== PROMPT ==
Each line below from the one containing "3.车主用户填写北京市鼓励汽车更新换代申请表" through the one containing "如果你的网站需要展示大量的内" is to be given again exactly, and no line outside that span.
(DATASET EXTRACT begins)
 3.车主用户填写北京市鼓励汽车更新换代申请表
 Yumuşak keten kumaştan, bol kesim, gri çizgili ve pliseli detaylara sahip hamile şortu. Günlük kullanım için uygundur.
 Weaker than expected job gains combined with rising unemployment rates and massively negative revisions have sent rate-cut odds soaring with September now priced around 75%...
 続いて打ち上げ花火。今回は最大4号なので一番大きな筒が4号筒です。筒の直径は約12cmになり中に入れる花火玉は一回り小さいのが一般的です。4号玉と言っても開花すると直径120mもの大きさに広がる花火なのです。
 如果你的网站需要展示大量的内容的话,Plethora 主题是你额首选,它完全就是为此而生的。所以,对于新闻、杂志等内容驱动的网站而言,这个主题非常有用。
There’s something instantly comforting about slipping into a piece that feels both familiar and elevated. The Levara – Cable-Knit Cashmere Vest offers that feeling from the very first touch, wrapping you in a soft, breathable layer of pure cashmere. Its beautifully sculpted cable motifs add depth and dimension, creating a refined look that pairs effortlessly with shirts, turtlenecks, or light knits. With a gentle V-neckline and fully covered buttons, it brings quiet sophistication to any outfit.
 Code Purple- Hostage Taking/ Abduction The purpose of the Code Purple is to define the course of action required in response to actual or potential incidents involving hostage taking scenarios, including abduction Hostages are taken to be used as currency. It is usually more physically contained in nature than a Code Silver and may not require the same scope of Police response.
(DATASET EXTRACT ends)
(DATASET EXTRACT begins)
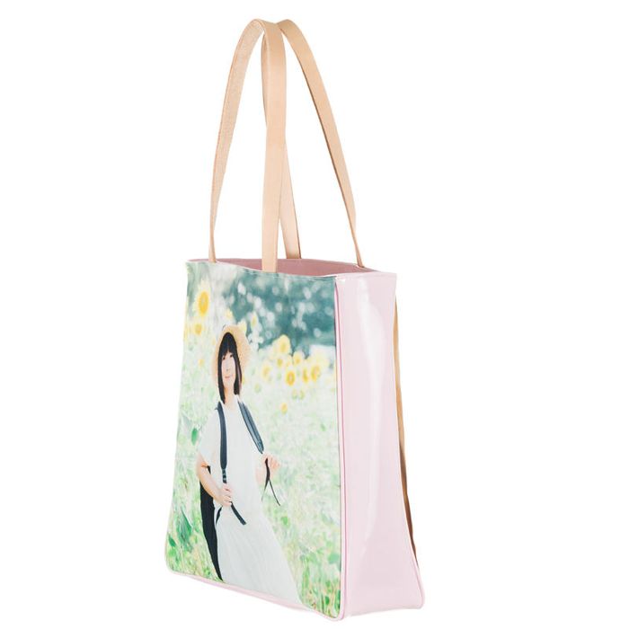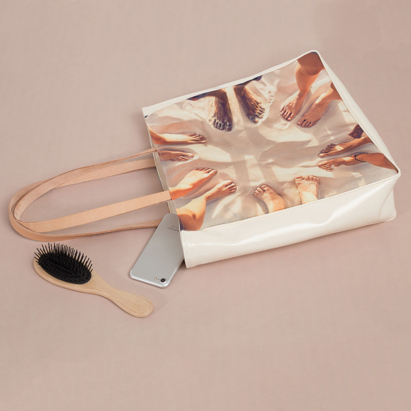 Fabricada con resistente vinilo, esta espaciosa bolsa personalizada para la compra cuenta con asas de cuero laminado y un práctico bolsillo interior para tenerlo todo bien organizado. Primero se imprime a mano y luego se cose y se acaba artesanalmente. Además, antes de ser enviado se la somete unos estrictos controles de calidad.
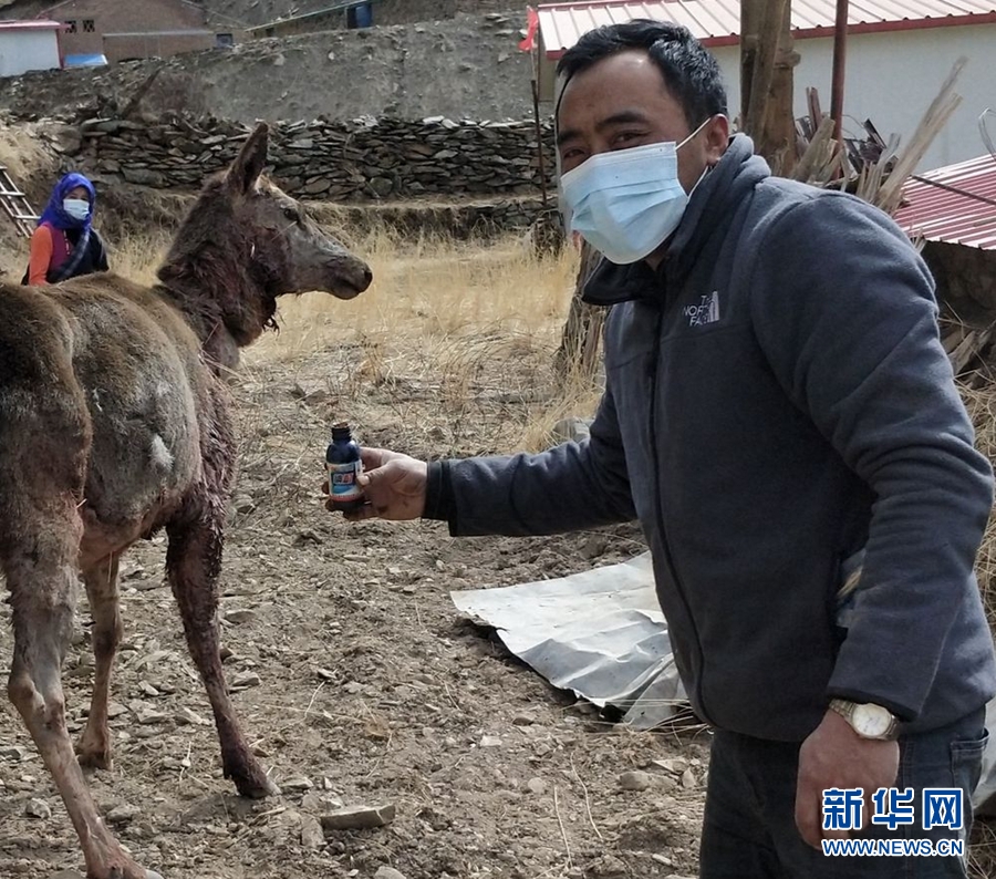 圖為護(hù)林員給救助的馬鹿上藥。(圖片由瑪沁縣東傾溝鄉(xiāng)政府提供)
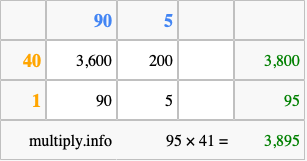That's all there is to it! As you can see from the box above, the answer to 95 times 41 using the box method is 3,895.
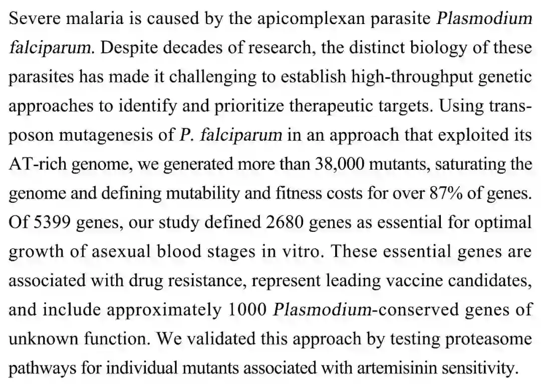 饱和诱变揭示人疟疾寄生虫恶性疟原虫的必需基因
(DATASET EXTRACT ends)
(DATASET EXTRACT begins)
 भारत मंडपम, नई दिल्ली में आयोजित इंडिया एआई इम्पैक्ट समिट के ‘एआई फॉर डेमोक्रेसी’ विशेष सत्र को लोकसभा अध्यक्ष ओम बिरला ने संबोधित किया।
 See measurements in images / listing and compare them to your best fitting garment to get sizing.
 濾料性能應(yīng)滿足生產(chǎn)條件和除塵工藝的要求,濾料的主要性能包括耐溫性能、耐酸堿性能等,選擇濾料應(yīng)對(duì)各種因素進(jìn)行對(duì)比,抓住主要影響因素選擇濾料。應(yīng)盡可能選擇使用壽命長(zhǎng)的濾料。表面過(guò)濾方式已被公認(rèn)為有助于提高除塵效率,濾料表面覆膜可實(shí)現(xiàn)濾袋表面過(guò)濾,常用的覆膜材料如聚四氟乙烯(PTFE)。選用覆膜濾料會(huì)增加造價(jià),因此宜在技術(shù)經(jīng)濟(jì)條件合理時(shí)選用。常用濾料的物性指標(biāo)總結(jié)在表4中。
(DATASET EXTRACT ends)
== TASK SOLUTION ==
 3.车主用户填写北京市鼓励汽车更新换代申请表
 Yumuşak keten kumaştan, bol kesim, gri çizgili ve pliseli detaylara sahip hamile şortu. Günlük kullanım için uygundur.
 Weaker than expected job gains combined with rising unemployment rates and massively negative revisions have sent rate-cut odds soaring with September now priced around 75%...
 続いて打ち上げ花火。今回は最大4号なので一番大きな筒が4号筒です。筒の直径は約12cmになり中に入れる花火玉は一回り小さいのが一般的です。4号玉と言っても開花すると直径120mもの大きさに広がる花火なのです。
 如果你的网站需要展示大量的内容的话,Plethora 主题是你额首选,它完全就是为此而生的。所以,对于新闻、杂志等内容驱动的网站而言,这个主题非常有用。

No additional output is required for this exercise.